5 En Hij vroeg hun: Hoeveel broden hebt u? En zij zeiden: Zeven.
6 En Hij gebood de menigte op de grond te gaan zitten. En Hij nam de zeven broden en nadat Hij gedankt had, brak Hij ze en gaf ze aan Zijn discipelen om ze hun voor te zetten; en zij zetten ze de menigte voor.
7 En zij hadden enkele visjes; en toen Hij ze gezegend had, zei Hij dat zij ook die moesten voorzetten.
8 En zij aten en werden verzadigd. En zij raapten het overschot van de stukken brood op, zeven manden.
9 Het waren er ongeveer vierduizend, die gegeten hadden; en Hij stuurde hen weg.
Waarschuwing tegen het zuurdeeg van de Farizeeën en van Herodes
10 En toen Hij meteen in het schip gegaan was met Zijn discipelen, kwam Hij in de streken van Dalmanutha.
11 En de Farizeeën liepen uit en begonnen met Hem te redetwisten en verlangden van Hem een teken uit de hemel om Hem te verzoeken.
12 En Hij zuchtte diep in Zijn geest en zei: Waarom verlangt dit geslacht een teken? Voorwaar, Ik zeg u: Eer aan dit geslacht een teken gegeven zal worden!
13 En Hij verliet hen en nadat Hij opnieuw in het schip gegaan was, voer Hij weg naar de overkant.
14 En Zijn discipelen hadden vergeten broden mee te nemen en zij hadden niet meer dan één brood bij zich in het schip.
15 En Hij gebood hun en zei: Kijk uit, pas op voor het zuurdeeg van de Farizeeën en voor het zuurdeeg van Herodes.
16 En zij spraken er met elkaar over en zeiden: Dit zegt Hij , omdat wij geen broden hebben.
17 En Jezus, Die dat wist, zei tegen hen: Waarom spreekt u erover met elkaar dat u geen broden hebt? Ziet u het nog niet in en begrijpt u het niet? Hebt u nog uw verharde hart?
18 U hebt ogen, en u ziet niet? En u hebt oren, en u hoort niet?
19 En herinnert u zich niet, toen Ik de vijf broden brak voor de vijfduizend mannen , hoeveel volle manden met stukken brood u opraapte? Zij zeiden tegen Hem: Twaalf.
20 En toen Ik de zeven brak voor de vierduizend mannen , hoeveel volle manden met stukken brood u opraapte?

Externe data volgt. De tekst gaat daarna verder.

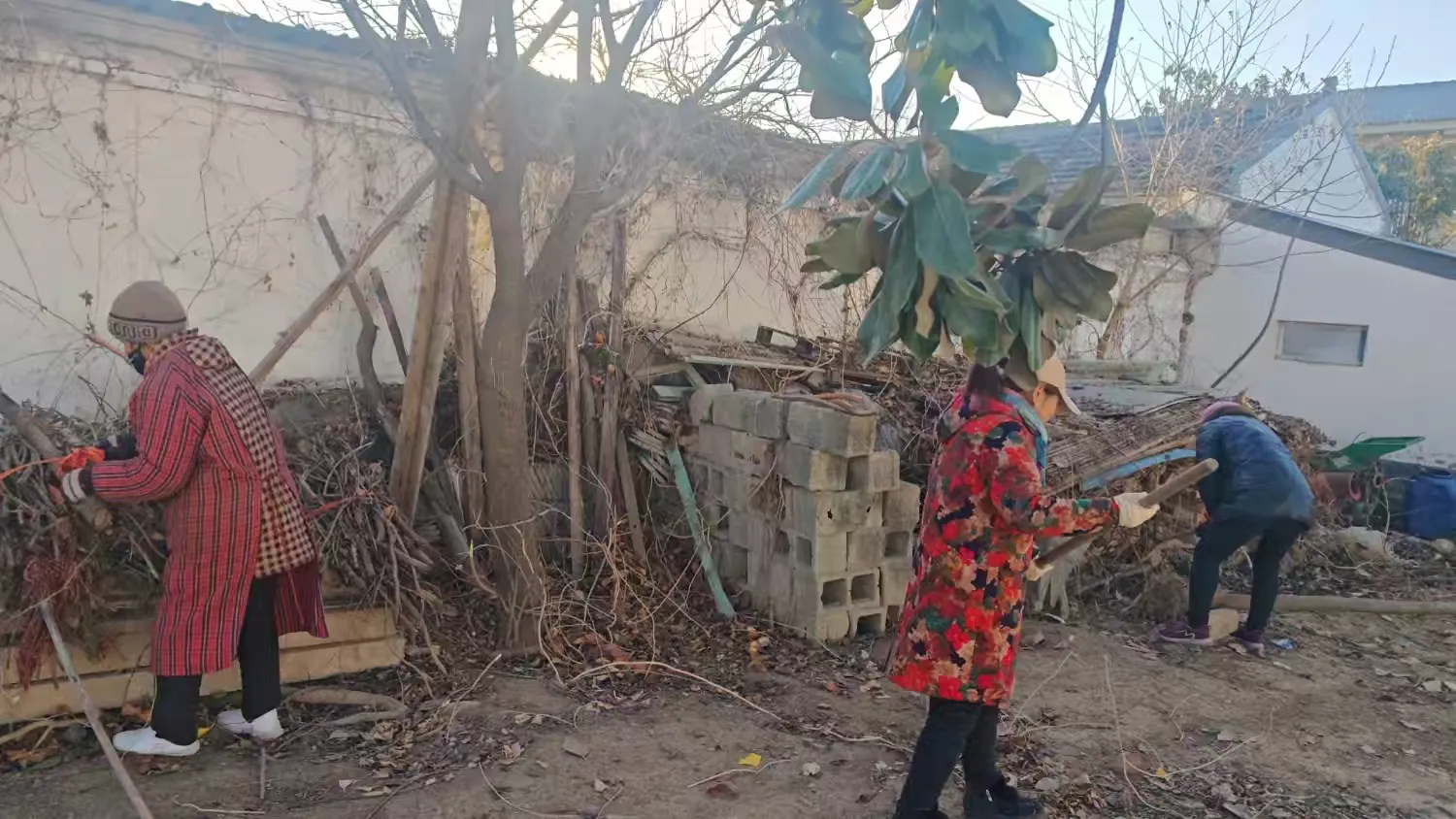 各组组长带领工作人员早早行动,对路边的枯草进行清理,对杂物进行归整。大家齐心协力,不畏严寒,不放过任何一个角落,努力改善村庄环境。

En zij zeiden: Zeven.
21 En Hij zei tegen hen: Waarom begrijpt u het dan niet?
Een blinde genezen in Bethsaïda
22 En Hij kwam in Bethsaïda; en ze brachten een blinde bij Hem en smeekten Hem dat Hij hem aanraakte.

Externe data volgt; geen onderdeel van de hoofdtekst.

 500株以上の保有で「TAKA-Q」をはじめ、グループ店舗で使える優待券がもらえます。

23 En toen Hij de hand van de blinde genomen had, leidde Hij hem het dorp uit; en nadat Hij in zijn ogen gespuwd en de handen op hem gelegd had, vroeg Hij hem of hij iets zag.
24 En hij keek op en zei: Ik zie de mensen, want ik zie hen, als bomen, rondlopen.

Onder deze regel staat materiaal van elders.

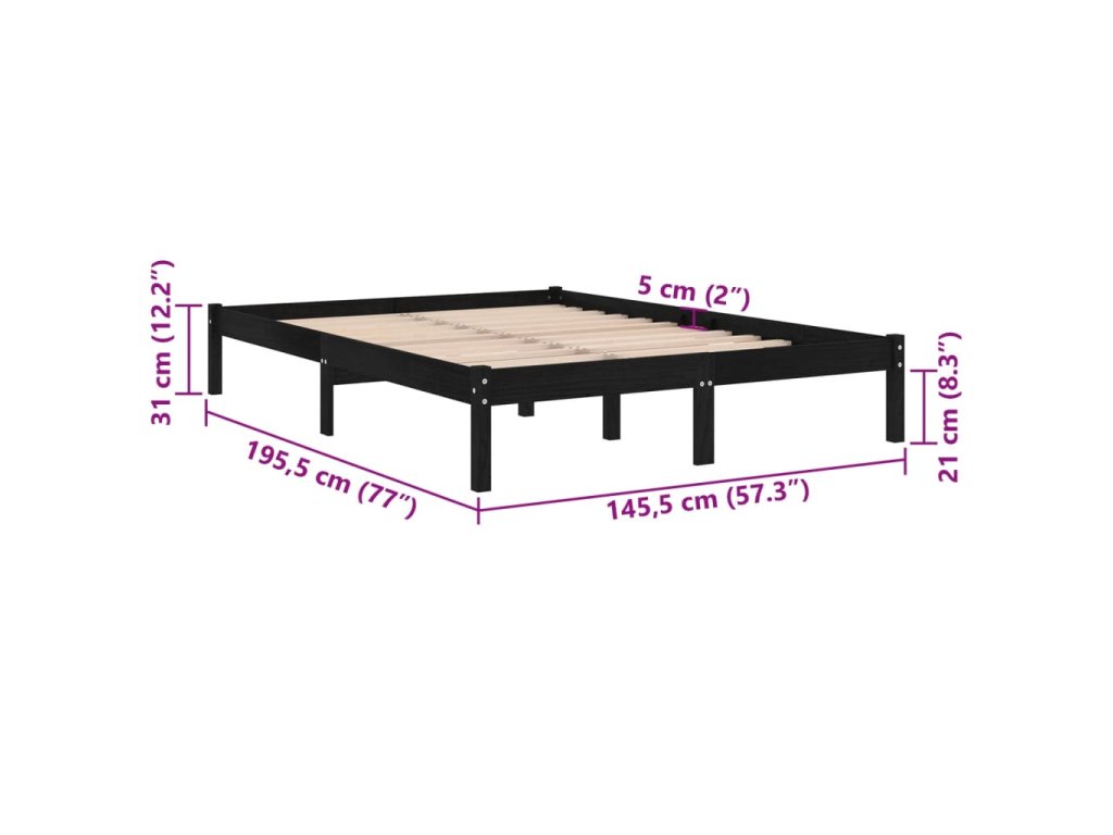 Rám postele černý masivní borovice 140 x 190 cm 810001

25 Daarna legde Hij de handen opnieuw op zijn ogen en liet hem weer kijken. En hij was hersteld en zag allen heel duidelijk.
26 En Hij stuurde hem naar zijn huis en zei: Ga niet het dorp in en zeg het tegen niemand in het dorp.
De belijdenis van Petrus
27 En Jezus vertrok met Zijn discipelen naar de dorpen van Caesarea Filippi. En onderweg stelde Hij Zijn discipelen een vraag; Hij zei tegen hen: Wie zeggen de mensen dat Ik ben?
28 En zij antwoordden: Johannes de Doper; en anderen: Elia; en weer anderen: Een van de profeten.
29 En Hij zei tegen hen: Maar u, wie zegt u dat Ik ben? En Petrus antwoordde en zei tegen Hem: U bent de Christus.
30 En Hij gebood hun streng dat zij met niemand over Hem zouden spreken.
De eerste aankondiging van het lijden
31 En Hij begon hun te onderwijzen dat de Zoon des mensen veel moest lijden en verworpen worden door de oudsten en overpriesters en schriftgeleerden en gedood worden en na drie dagen opstaan.
32 En dit woord sprak Hij vrijuit. En Petrus nam Hem apart en begon Hem te bestraffen,
33 maar Hij keerde Zich om en terwijl Hij Zijn discipelen aankeek, bestrafte Hij Petrus en zei: Ga weg achter Mij, satan, want u bedenkt niet de dingen van God, maar die van de mensen.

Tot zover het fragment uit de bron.